* Your assignment
Leave the pictures in the listing below aside and reproduce exactly the lines starting with the one with "低学年は個人走のスタート順の確認、中学年はラジオ体操と綱引きの練習でした。" and going on through the one with "IONIC BONDING •", both ends included.

* Study material
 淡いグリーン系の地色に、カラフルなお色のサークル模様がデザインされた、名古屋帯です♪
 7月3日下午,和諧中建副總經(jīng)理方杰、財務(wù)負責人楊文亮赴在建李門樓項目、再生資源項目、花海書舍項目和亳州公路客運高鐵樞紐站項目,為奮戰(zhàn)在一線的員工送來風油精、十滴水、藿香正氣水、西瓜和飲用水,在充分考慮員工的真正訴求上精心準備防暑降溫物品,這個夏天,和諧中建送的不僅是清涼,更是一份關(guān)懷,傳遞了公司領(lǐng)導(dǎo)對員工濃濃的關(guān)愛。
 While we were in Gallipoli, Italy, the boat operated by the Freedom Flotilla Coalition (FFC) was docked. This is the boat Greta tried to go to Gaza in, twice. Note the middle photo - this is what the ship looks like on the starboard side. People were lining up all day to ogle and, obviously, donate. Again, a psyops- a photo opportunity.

...

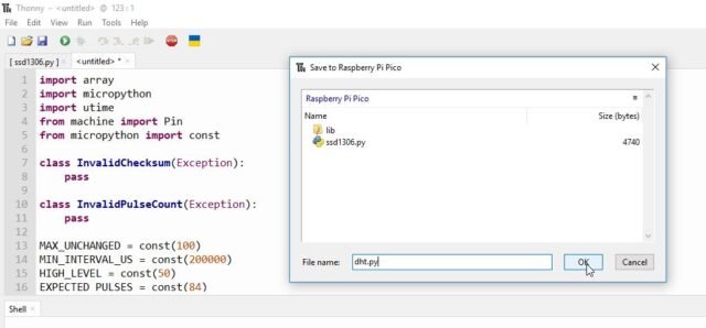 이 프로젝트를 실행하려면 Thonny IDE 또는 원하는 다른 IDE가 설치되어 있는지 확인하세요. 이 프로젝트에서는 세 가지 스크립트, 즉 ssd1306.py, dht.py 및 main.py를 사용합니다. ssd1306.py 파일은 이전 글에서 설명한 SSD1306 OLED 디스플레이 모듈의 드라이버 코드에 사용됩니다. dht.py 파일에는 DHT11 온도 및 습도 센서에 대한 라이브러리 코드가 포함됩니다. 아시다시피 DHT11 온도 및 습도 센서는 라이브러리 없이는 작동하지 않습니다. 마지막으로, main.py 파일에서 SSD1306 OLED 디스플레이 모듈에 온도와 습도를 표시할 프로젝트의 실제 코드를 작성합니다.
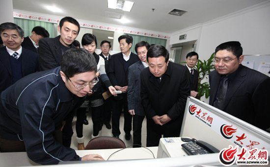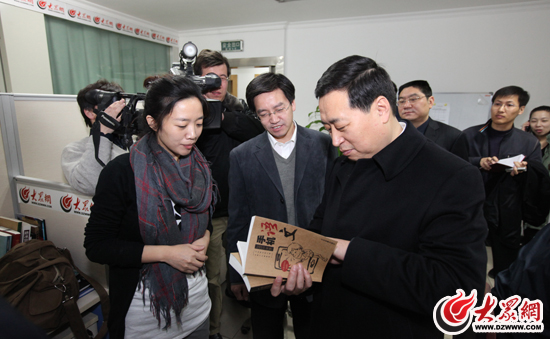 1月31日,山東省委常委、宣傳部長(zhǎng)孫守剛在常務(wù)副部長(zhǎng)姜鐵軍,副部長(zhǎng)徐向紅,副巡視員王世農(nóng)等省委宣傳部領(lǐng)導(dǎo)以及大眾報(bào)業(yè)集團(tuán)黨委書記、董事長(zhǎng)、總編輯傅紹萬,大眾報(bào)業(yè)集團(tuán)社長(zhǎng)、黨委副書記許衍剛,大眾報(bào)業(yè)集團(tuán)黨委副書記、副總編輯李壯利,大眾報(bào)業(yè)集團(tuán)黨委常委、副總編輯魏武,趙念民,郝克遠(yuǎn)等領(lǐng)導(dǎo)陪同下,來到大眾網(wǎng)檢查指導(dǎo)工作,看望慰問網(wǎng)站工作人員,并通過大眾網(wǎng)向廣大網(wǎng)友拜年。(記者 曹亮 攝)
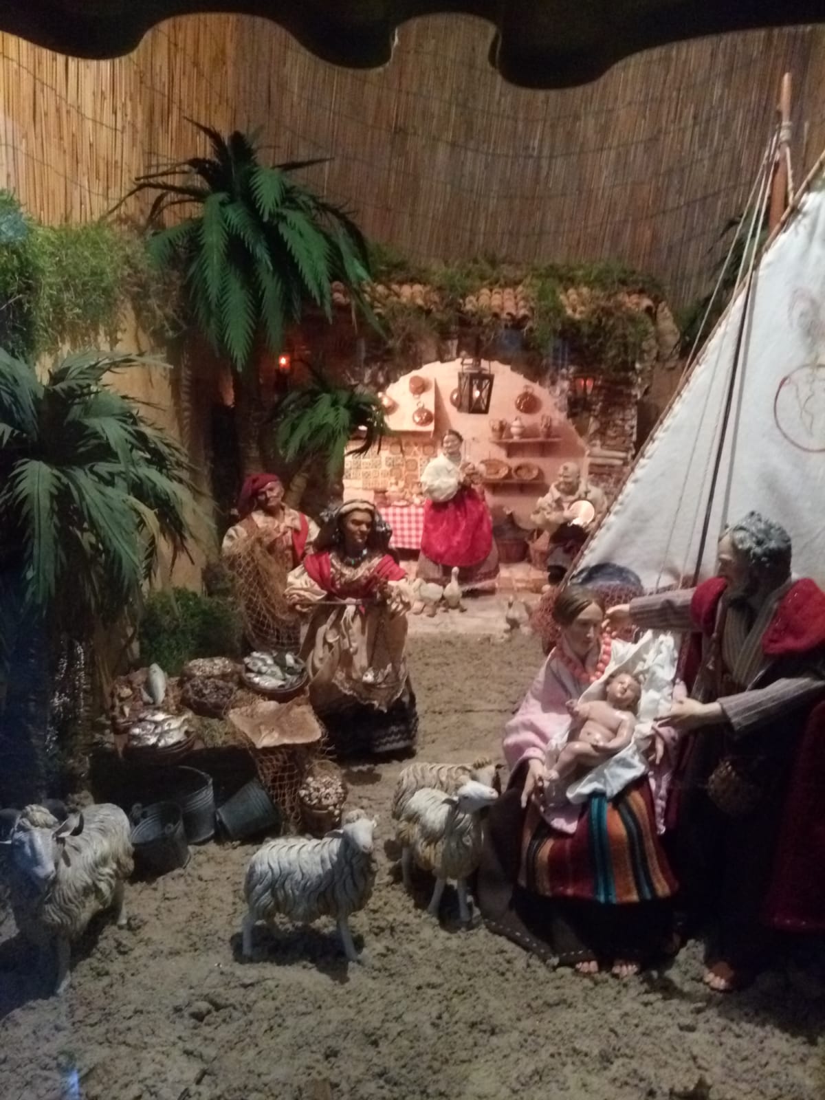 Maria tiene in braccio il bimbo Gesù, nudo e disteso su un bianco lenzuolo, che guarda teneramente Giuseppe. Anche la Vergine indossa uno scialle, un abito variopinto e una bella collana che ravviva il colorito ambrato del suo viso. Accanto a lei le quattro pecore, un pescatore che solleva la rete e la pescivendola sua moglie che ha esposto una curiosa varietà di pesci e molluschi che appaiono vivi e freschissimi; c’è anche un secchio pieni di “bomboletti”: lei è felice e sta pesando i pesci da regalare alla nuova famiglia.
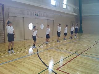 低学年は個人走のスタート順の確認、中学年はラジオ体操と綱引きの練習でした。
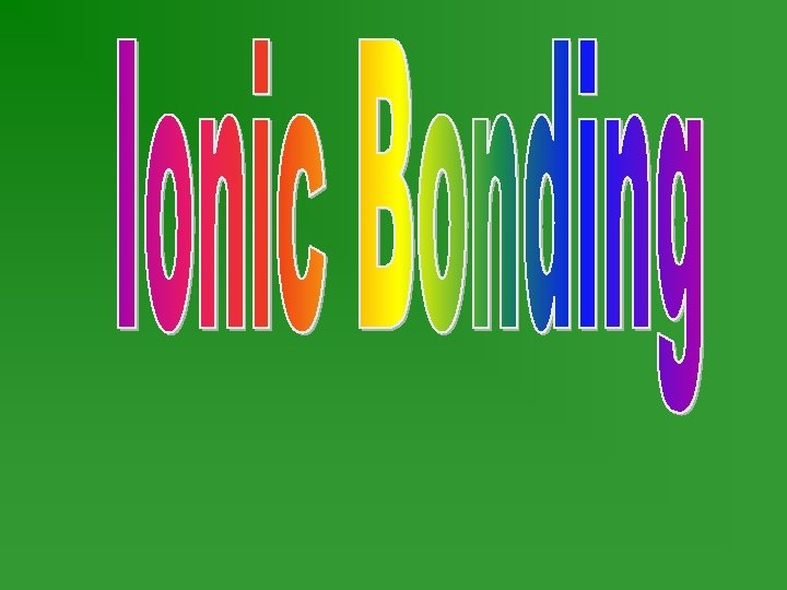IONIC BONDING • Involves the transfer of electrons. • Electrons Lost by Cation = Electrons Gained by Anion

* Answer area
 低学年は個人走のスタート順の確認、中学年はラジオ体操と綱引きの練習でした。
IONIC BONDING • Involves the transfer of electrons. • Electrons Lost by Cation = Electrons Gained by Anion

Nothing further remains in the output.